This reflection from Rabbi Eliav was also shared in eJewishPhilanthropy.

With a call going out on our emergency walkie-talkie channel, in early morning hours of August 7, 2017, I awoke to the horrifying news that our main lodge was on fire, billowing flames that could easily start a massive forest fire! With flames shooting three stories high, and heat that could be felt from hundreds of feet away, we faced what I thought was going to be the biggest leadership challenge of my career as a camp director of Ramah in the Rockies.

As a community, we had trained for this moment when we had held fire drills every other week. Much went according to plan including, summoning the fire and sheriff’s department, who arrived within an hour to save the surrounding trees and to shepherd us all to safety.

What we had not planned for, however, was the following hours, days and weeks when we needed to keep our community together and informed about how we would continue camp at an alternate site, cooperate with all investigations and eventually rebuild our ranch over the following years. The tone we set with our staff during our first 4:30am meeting, with the building still smoldering in the distance, was the same we followed throughout the evacuation, relocation and rebuilding process: be transparent with everyone regardless of where the facts lead, listen to peoples ideas and emphasize our collective responsibility in creating our destiny.

It is for this reason that two weeks ago we were one of the first Jewish Overnight camps to release the draft of our 2021 operations plan. No one knows where the pandemic will be in the late Spring when we usually open camp. No one knows what precautions we will be required to implement. Nor can we sit around and just hope for the best. Rather, we must begin to plan, knowing that by understanding scenarios we will be ready to adjust as facts become clear.

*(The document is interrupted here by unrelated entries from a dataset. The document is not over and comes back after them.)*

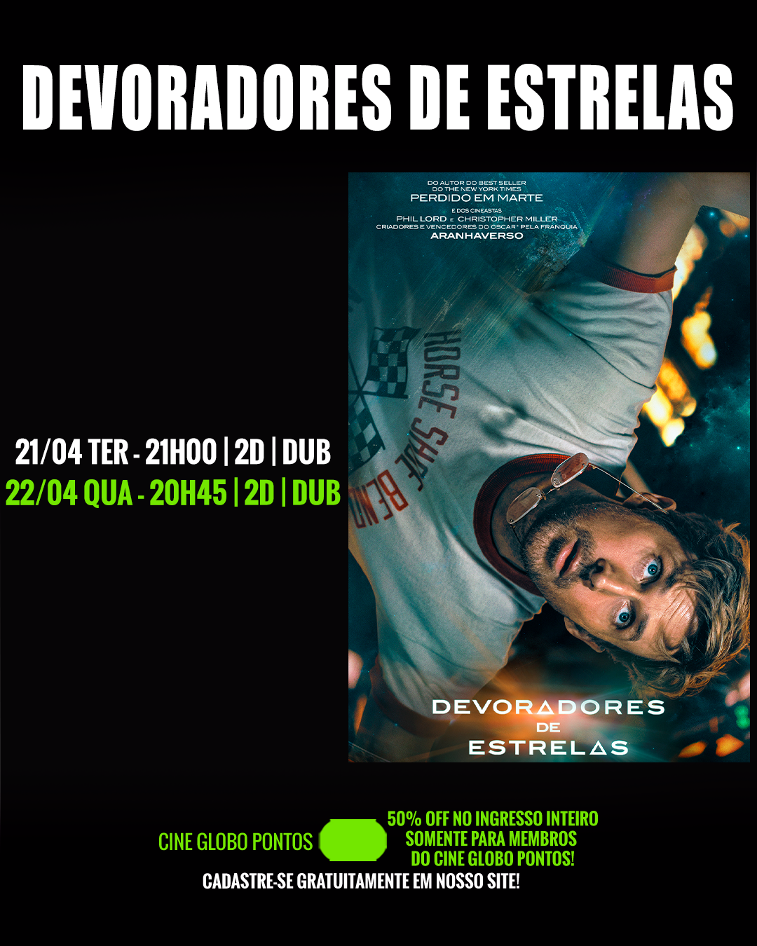 DIA 22/04 - 50% DE DESCONTO NO INGRESSO INTEIRO PARA MEMBROS DO CINE GLOBO PONTOS!
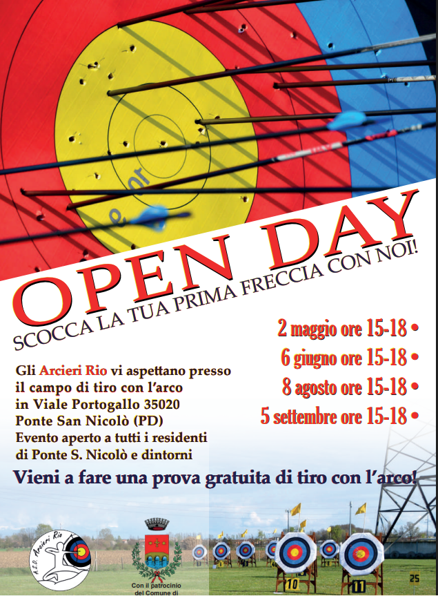 Gli Arcieri Rio vi aspettano presso il campo di tiro con l'arco in Viale Portogallo - evento aperto a tutti i residenti di Ponte San Nicolò e dintorni.
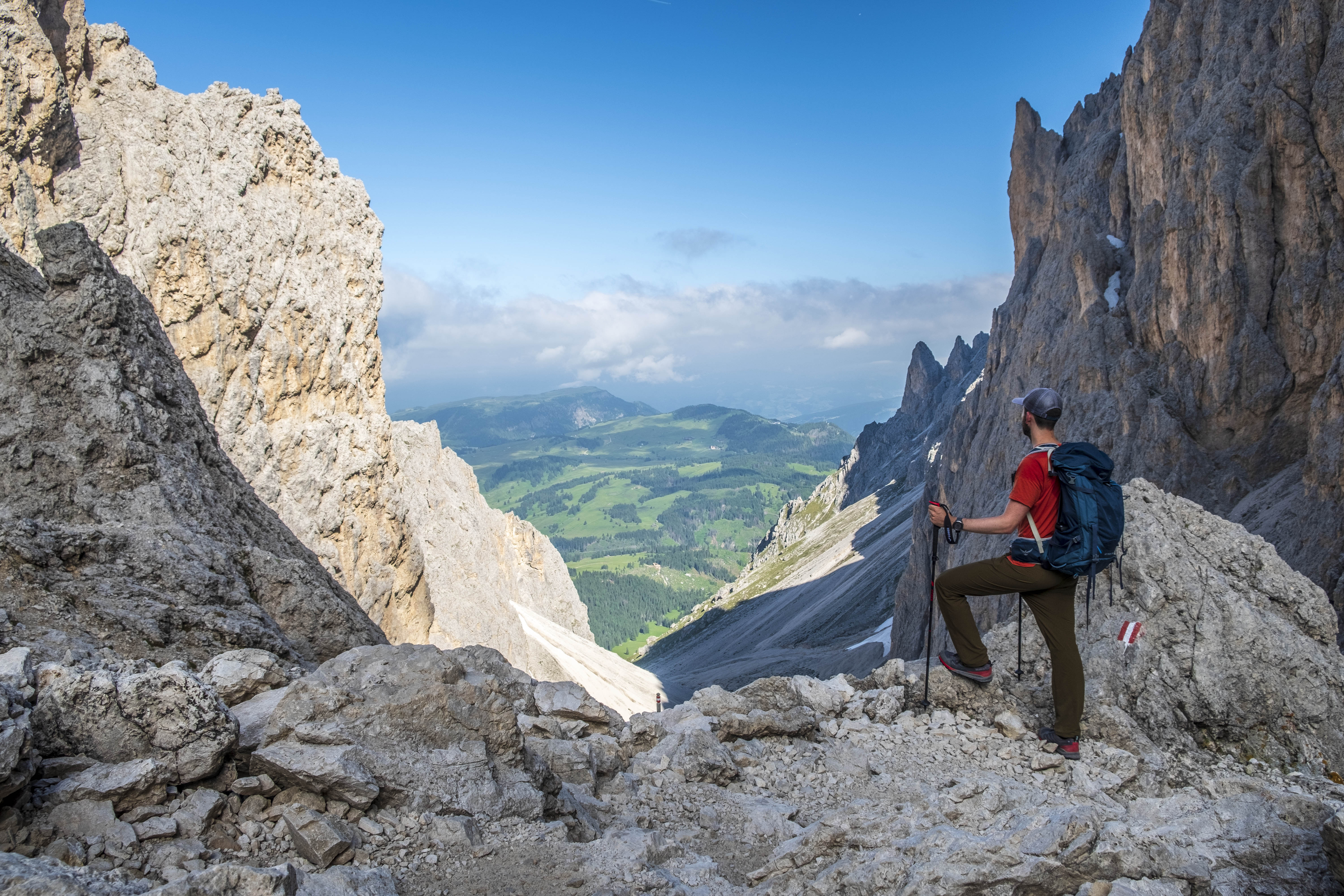 There is no shortage of vantage points in this section either, with the view opening up towards the Puez-Odle Dolomites group. Rifugio Comici awaits us as the last stage of the loop, where we detour for a short additional ascent to the Piz Sella to enjoy a solitary stop for our packed lunch.

The COVID-19 crisis does not have the same level of urgency as a fire, but the lessons learned during that emergency have influenced how we have communicated throughout this pandemic. From our first communications in the Spring of 2020, which indicated the unlikelihood of us operating in the summer, to giving definitive dates for informing our community of our plans and defining the process by which we were making decisions, we were able to build further trust with our community.

For those of us running Jewish institutions it is imperative that we continue to be transparent with our community; we must continue to communicate what metrics we are following, to whom we are turning for advice and why we are deciding one thing and not the other. In a typical year, the early winter is the time of year that many families begin to think about camping plans for the next summer. Indeed, for overnight camps like Ramah in the Rockies, we usually end the year about 75% of our way towards our summer camper enrollment. We know that this winter will be different than most, and parents will be making decisions much later into the Spring. Our hope is that by being transparent and engaging with our families throughout, even more will entrust us with the awesome responsibility of accepting care of their children amidst an ongoing pandemic.

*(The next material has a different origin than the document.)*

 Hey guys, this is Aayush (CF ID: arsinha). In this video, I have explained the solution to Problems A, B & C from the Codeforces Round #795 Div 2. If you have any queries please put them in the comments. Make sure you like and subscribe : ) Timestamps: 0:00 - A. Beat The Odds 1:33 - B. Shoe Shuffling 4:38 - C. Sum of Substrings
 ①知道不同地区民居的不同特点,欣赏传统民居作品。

After each communication last spring, we held open town hall meetings, and received numerous emails and phone calls with questions and suggestions. When we did make the decision to close for the 2020 season, many families decided to donate part of their tuition to camp in large part because we had been forthcoming with our existential reality and how we hoped to find a path forward.

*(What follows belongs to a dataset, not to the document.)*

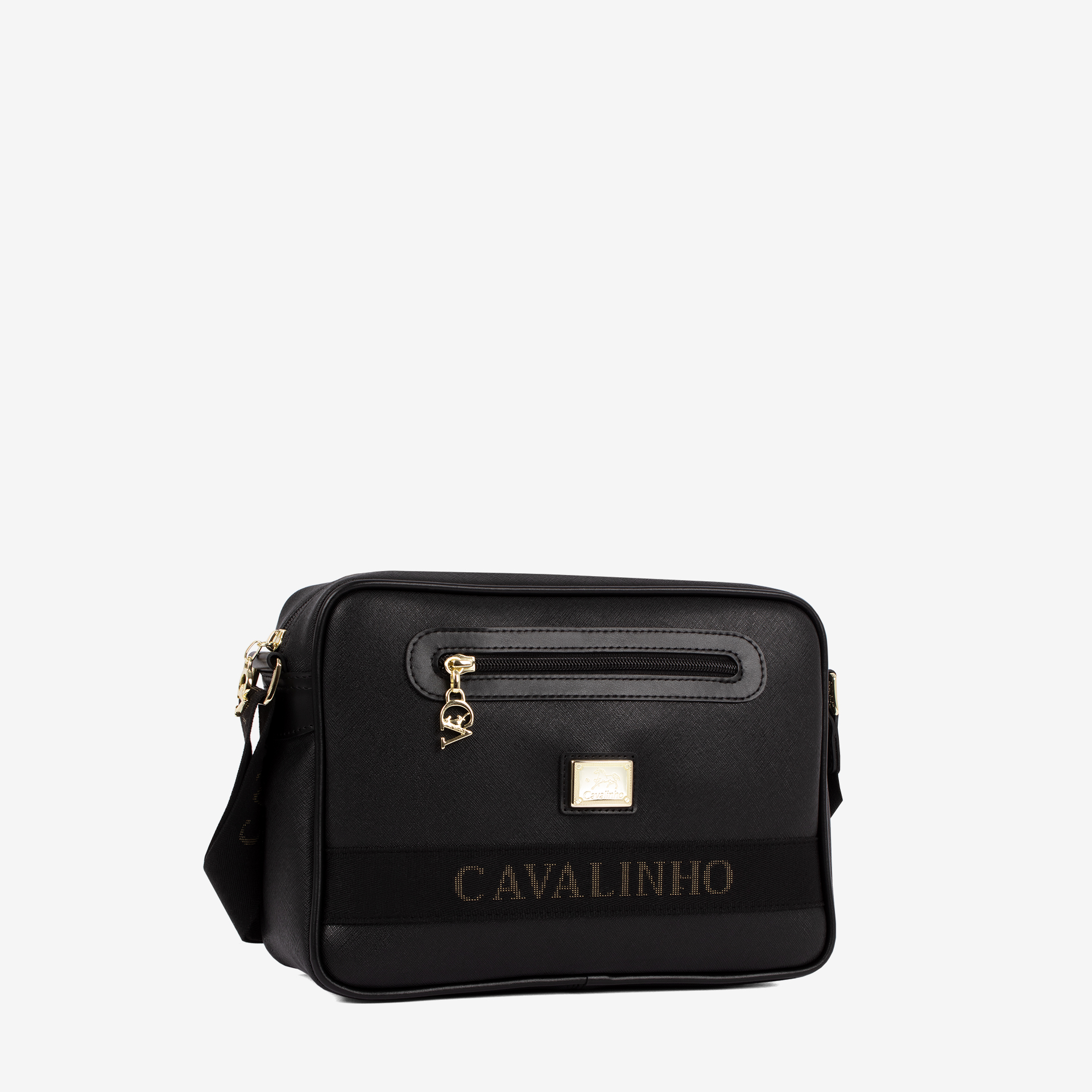 Mala da marca Cavalinho em tela preta com detalhes em pele genuína preta. Abertura principal com fecho de correr.

If there was an enduring lesson from that scary experience in 2017 it is that transparency keeps a community together in challenging times and builds trust between all parties who can work together to envision a better future. Now, with the COVID pandemic enveloping us into the 2021 camping season, we are moving forward with this same principle.

Along with releasing our draft plan, we included a form for our community to ask questions or to make comments/ suggestions. We held our first town hall meeting with parents, campers, staff and donors on November 30, 2020 and heard even more feedback. Over the coming weeks our year-round team and our COVID taskforce will review all comments and determine what needs to change in the plan. We intend to update the draft plan, monthly through the Spring based on changing data, scientific understanding and best practices.

As we set into the winter month, families are facing months of unknowns. Will their children stay in virtual school, or return to in person learning? When will they next see grandparents and cousins? What will the summer look like? No one has all the answers.

Stanford Economist, Paul Romer, stated in 2004, “a crisis is a terrible thing to waste.” None of us would ever wish upon ourselves a fire or a pandemic. When emergencies arise, however, it is an opportunity for us, as leaders, to not only get past the immediate crisis, but to build a community that is stronger, more transparent, and more cohesive than it was before the emergency arose.